Это почему ж не будет?
Мой – наблюдатель, преследователь, как его назвать? – вёл нас до самого дома, почти не таясь.
Глупые шутки.
Или я – влип?
– Ссать хочу,– сказала она.– Где у вас? Я проводил.
Смотрел, как она занимается гигиеной. Я на это не брезглив. Я только на человеческие слова брезглив. На интонации, вернее.
– Мы ещё будем? – спросила она.– Учти, я не проститутка, между прочим. Я только по интересу. Ты мне нравишься. Нормально всё делаешь.
Ей не пятнадцать лет, хотя выглядит совсем молоденькой. Никак, не меньше восемнадцати. Но она не хочет всего знать. В пятнадцать лет многого не знаешь. А в восемнадцать знаешь уже всё, поэтому она хочет, чтобы ей было пятнадцать.
Ну, пусть так.
Я взял её на руки и отнёс в постель
– Господи, как я тебя люблю! – сказал я ей и начал её учить целоваться, как целовались мы когда–то с Наденькой Осташевой.
– Вот это да…– блаженно сказала она через час, полтора или два.– Это даже лучше е…ли. Я сто лет уже не целуюсь. Так, мазнёшь губами – и сразу за макушку хватают, вниз гнут. Пионерство ведь – целоваться. Давай ещё.
Ещё целовались.
Свет в комнате был выключен, телевизор работал без звука, мы не услышали, а увидели, что наступает Новый год: на экране возник циферблат.
Закутавшись в одеяло, мы подняли чашки с шампанским, выпили точнёхонько в двенадцать, поцеловались мокрыми губами.
– Ну и странный ты! – сказала она.
И вдруг прижалась, руками обхватила по–ребячьи.
– Чего? Чего?
Приподнял лицо: глаза блестят. Плачет.
– Ты на мне не женишься!
– Почему?
– Избалованный. Тебя ведь все любят, я понимаю. Да такого человека! У меня сроду не было.
– Чего не было?
– Сам знаешь. Я тебя люблю. Давай, правда, ну, не поженимся, а поживём вместе. Я учусь тут, в техникуме, я у бабки живу, а буду жить у тебя. А?
– Поживём…
– Спать не хочешь? – спросила она с такой заботливой материнской интонацией, какой я никогда не слышал от своей матери – прости ей, Господи, прости мне, Господи!
– Да нет, не хочу. Знаешь, меня убить должны.
– Брось. Это я слышала. Все мужики как ошалели. Как выпьют, начинается: того ловят, того убить хотят, тот сам убил. Вы как охренели все. Детективов насмотрелись? Нельзя путать вымысел и жизнь,– поучала она меня.
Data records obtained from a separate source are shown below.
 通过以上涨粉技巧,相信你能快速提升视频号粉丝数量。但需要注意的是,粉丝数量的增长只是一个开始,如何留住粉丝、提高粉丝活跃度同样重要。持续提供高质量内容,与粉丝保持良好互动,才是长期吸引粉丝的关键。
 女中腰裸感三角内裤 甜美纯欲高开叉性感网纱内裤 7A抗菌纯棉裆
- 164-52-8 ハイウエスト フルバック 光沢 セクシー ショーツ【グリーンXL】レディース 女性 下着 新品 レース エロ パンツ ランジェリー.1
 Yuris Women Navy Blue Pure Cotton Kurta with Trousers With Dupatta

– А что лучше, вымысел или жизнь? – спросил я, уверенный в ответе.
Но она меня удивила.
– Жизнь, конечно. Хоть кино. Кино хоть какое смотри, хоть порнографию, всё равно кайф не тот
Сравнил! В жизни я до обморока дохожу, такой лом, ты что! Прям подыхаешь!
– А со мной? – (и грустно сделалось самому от своего тщеславного вопроса, будто даже пузцо выросло).
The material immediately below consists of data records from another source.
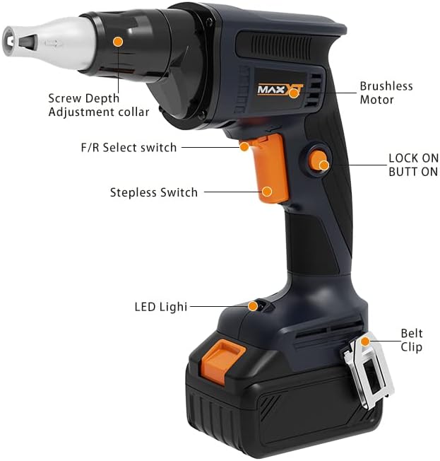 مفك الحوائط الجافة اللاسلكي MAXXT 20 فولت L-ion، سرعة قابلة للتعديل 0-4200 دورة في الدقيقة والعمق، لتطبيقات بناء الحوائط الجافة والتجميع والأرضيات والمبارزة والأسقف والسطح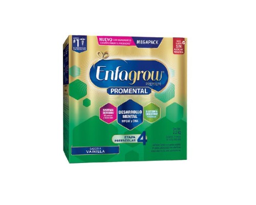 Enfagrow premium promental 4 vainilla posee una innovadora combinación de MFGM, DHA y otros neuronutrientes que junto con tu estimulación apoyan al desarrollo mental, vitaminas y minerales que apoyan al sistema inmune y prebióticos que apoyan al funcionamiento del sistema digestivo. A partir de los 24 meses. 4 Bolsas de 550g.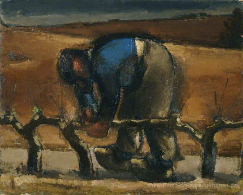 Wir bieten Ihnen eine handgefertigte Reproduktion auf Leinwand des berühmten Kunstwerks 'Rebschnitt' von Josef Herman, aus dem Reproduktionsmuseum.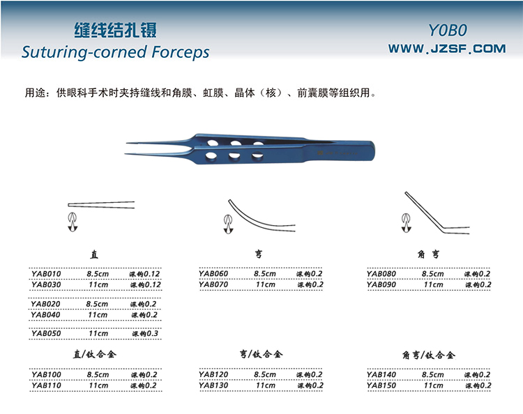 金鐘 縫線結(jié)扎鑷 YAB120 8.5cm 彎 鉤深0.2(鈦)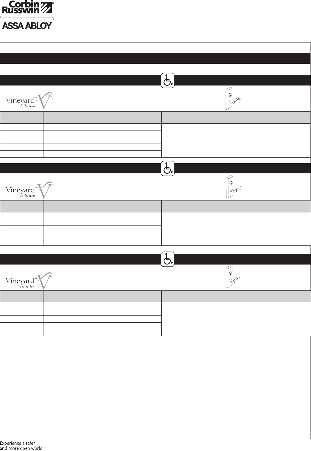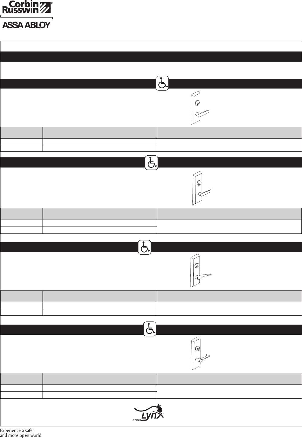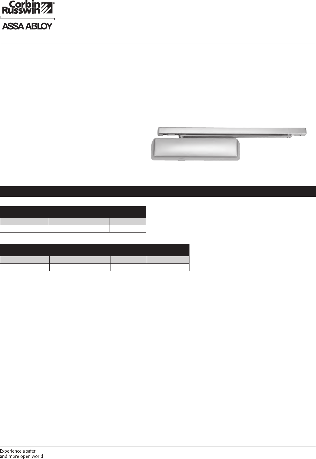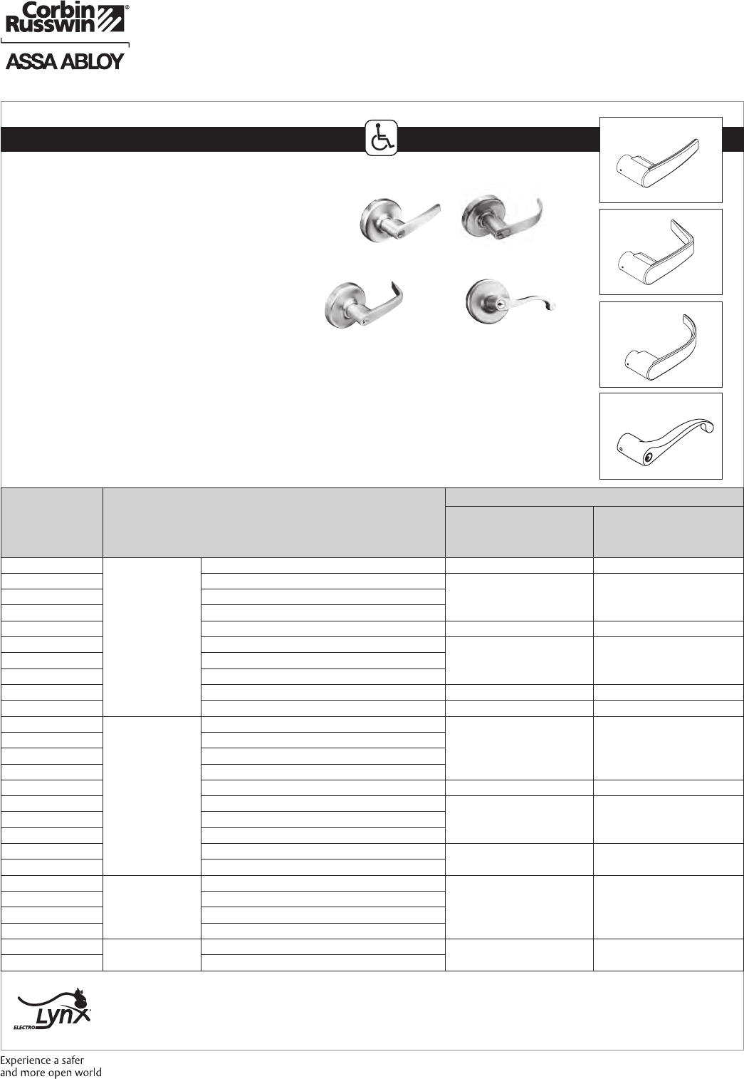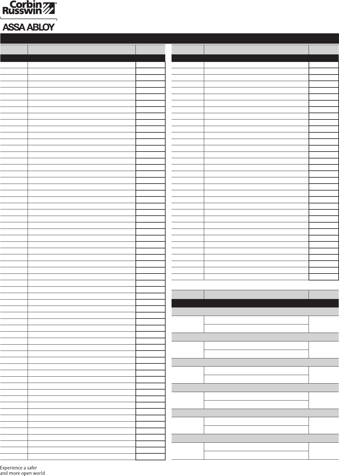 These materials are protected under US copyright laws. All contents current at time of publication. Corbin Russwin Inc., an ASSA ABLOY Group company reserves the right to change availability of any item in this

– Про тебя и говорю… Убить должны, насмешил! Пусть меня попробует кто–нибудь убить. Сама сто раз убью.
– Да? Слушай, пойдём в гости?
– К кому?
– Неважно. Люди.
– Можно вообще–то. А то вдвоём всю ночь тоже ведь с ума сойдёшь, если не спать. И погода хорошая.
Мы вышли.
Сопровождающий не ожидал, не успел скрыться.
– Замёрз? – спросил я. Он промолчал.
– Выпить хочешь? Он промолчал.
Я сбегал домой, взял полбутылки вина, вынес, ему отдал. Он взял, выпил махом, сплюнул и выбросил бутылку.
– Всё равно не возьмёт на холоде,– сказал он, будто оправдываясь перед кем–то.– Хоть согреюсь немного.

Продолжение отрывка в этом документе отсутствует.